Back at the Visualization Lab, the students experienced how that information was transformed into 3D or virtual reality programs that allow you to “dissect” real images of a brain into its constituent parts. They learned how these technologies are not just for fun, but increasingly used by neuroscientists and neurologists to find tumors, diagnose disease, or prepare for brain surgery.

They also experienced a simple version of a brain-machine interface, where suction-cup electrodes placed on a volunteer’s hands measured the electrical activity from opening and closing their fist and sent it to a nearby computer. Similar transmissions, both from muscle to computer and from computer to muscle, are being used to power advanced prosthetics and wearable devices that will soon come to market.

Other portions of the program informed students about how the biggest “brains” of the scientific world — data centers and computing clusters, such as RCC’s Midway — power today’s largest scientific collaborations.
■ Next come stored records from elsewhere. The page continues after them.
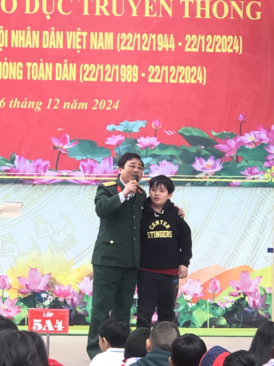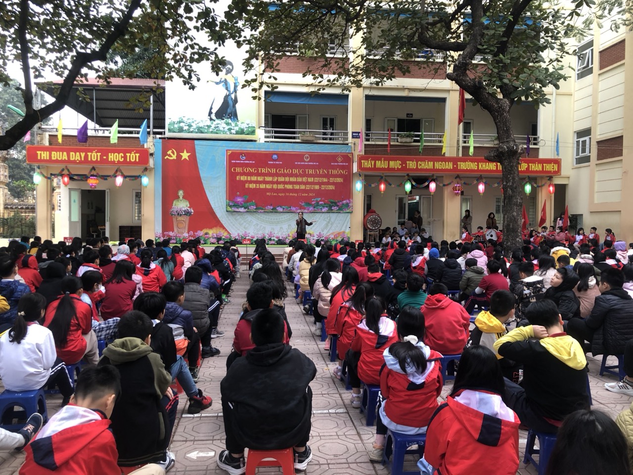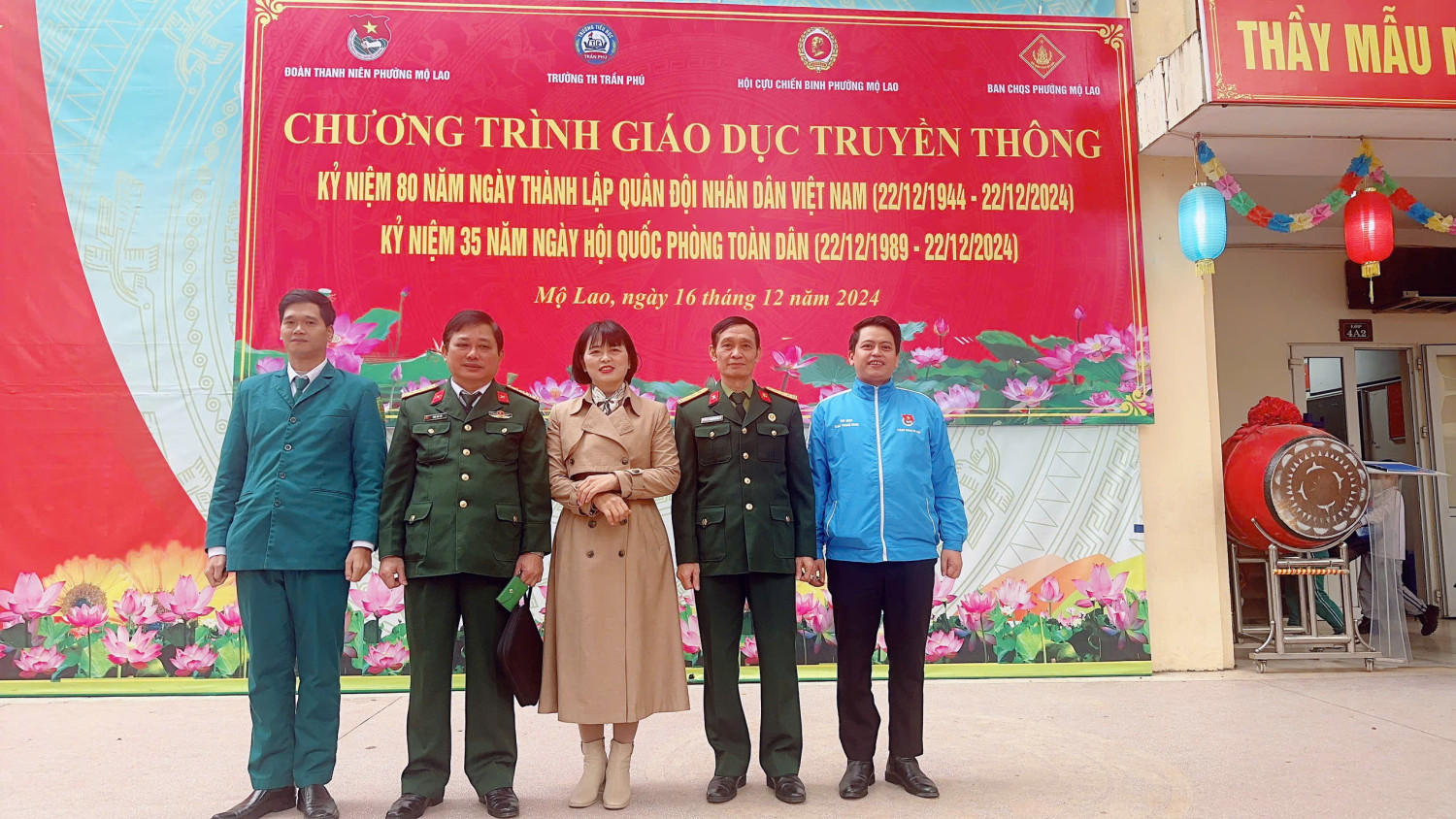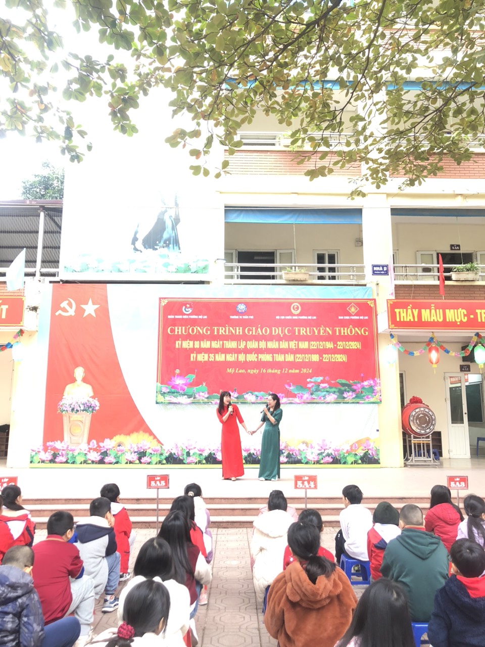 Tiếp theo là phát biểu của cô Hiệu trưởng, và đặc biệt bài phát biểu của Thượng tá Trần Hữu Nội - đại diện cho hội cựu chiến binh phường Mộ Lao lên ôn lại truyền thống về tinh thần chiến đấu bất khuất của Quân đội ta trong thời chiến cũng như thời bình để các em học sinh cùng học hỏi.
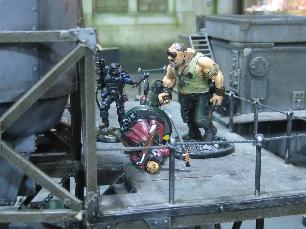 Rex jumped to his feet and attacked Caine. The ogryn moved to join the fight but wasn't in time to prevent Rex's nimble swordsmanship wounding the stormtrooper several times. Tank opened up on the Ogyrn with his heavy stubber, knocking him off his feet. Kaled, having seen his elite trooper cut down blasted Rex with his bolt pistol. Caine dragged himself to his feet, and wary of getting too close to Rex, fired a couple of shots into his prone figure. By now the ogryn was angry! He charged over to Rex, stomped on his chest and then hurled him off the side of the platform for good measure.
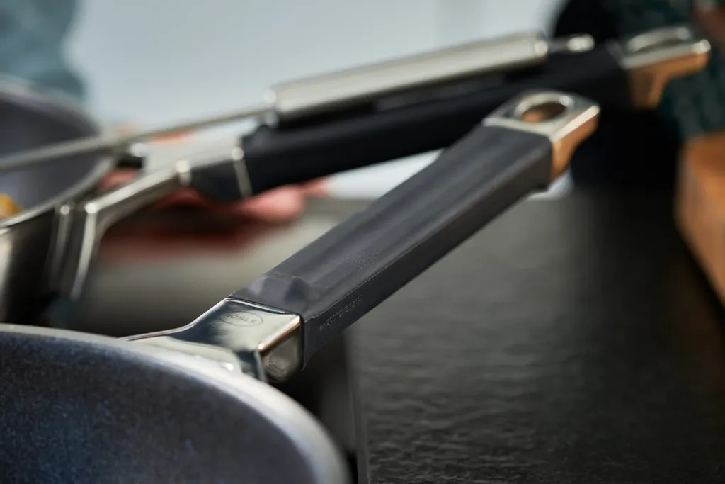 Pfannengriff liegt dank Silikonummantelung sicher in der Hand
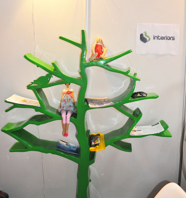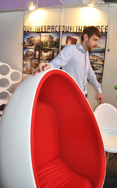 Компания Interiors представляет на выставке дизайнерские предметы мебели. В числе товаров, реализуемых компанией необычные яйцеобразные кресла и полки в форме дерева.
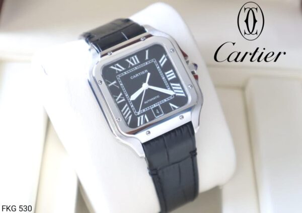 Santos de Cartier watch, a large model, manufactures mechanical movement with automatic winding. Steel case, ADLC bezel, steel crown set with a faceted black synthetic spinel,steel sword-shaped hands with luminescent material, sapphire crystal. Buy CARTIER SANTOS Replica
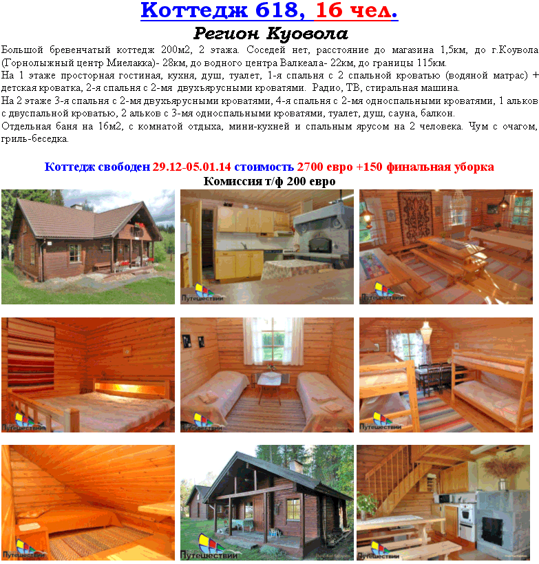 16 Дек 2013 11:38:34 ФИНЛЯНДИЯ Коувола Коттедж (до 16 чел) 29.12-05.01 за 2700 евро от фирмы БЮРО ПУТЕШЕСТВИЙ
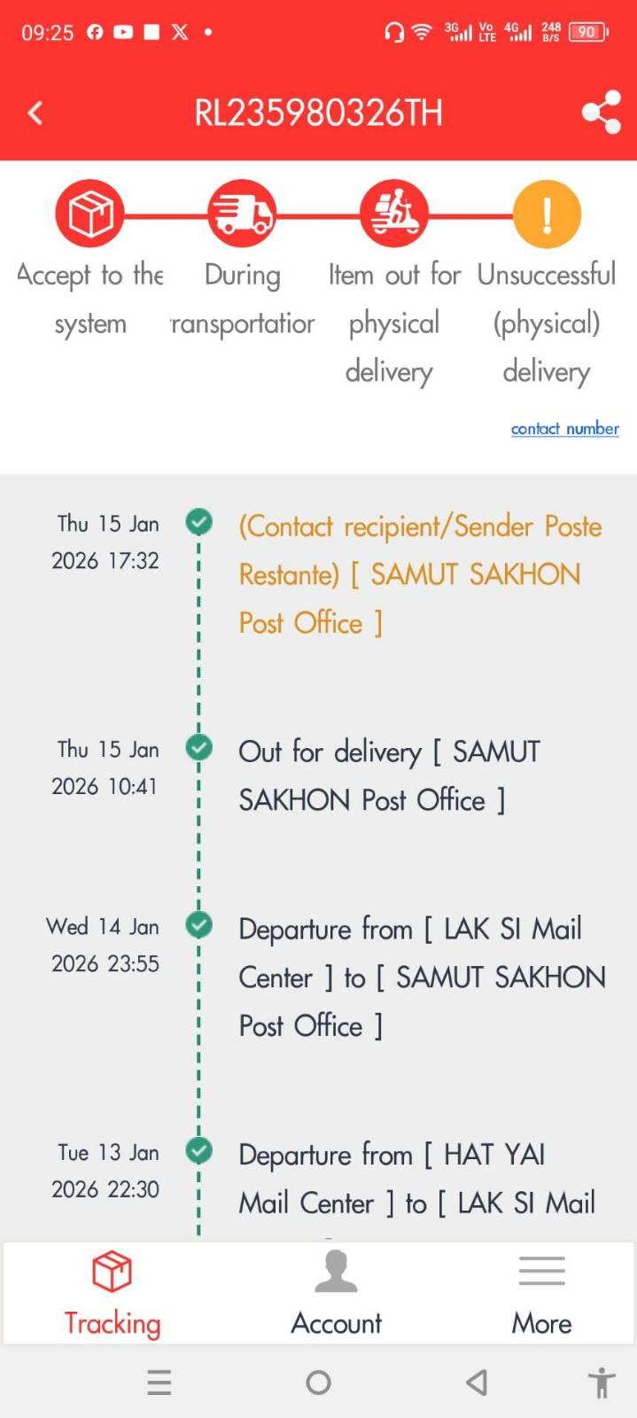 ส่งไปแบบ surface mail ค่ะ แต่เช็คจากการ tracking แล้ว ของถูกส่งไปที่ ที่ทำการไปรษณีย์ 62920 และมีผู้รับแล้ว แต่ไม่ใช่เพื่อนเป็นคนรับ ไม่ทราบจะติดตามยังไงได้บ้างไหมคะ ?

Yuxing Peng, another RCC computational scientist, used the visualization wall to explain the CERN Large Hadron Collider, the International Space Station, and other global projects that generate massive streams of data, shared for simultaneous analysis at hundreds of laboratories.

Peng traced the history of today’s of supercomputers back to the ENIAC machine, the first general-purpose electronic supercomputer, used by scientists in the 1940’s to invent atomic technology. By comparing today’s devices to yesterday’s room-sized machines, he left the students with an important challenge.

“Nowadays, our cell phone is faster than that computer, what will you do with that power?,” Peng said. “This new technology can change our lives; we are now in an ocean of digital information. Welcome to the new digital era.”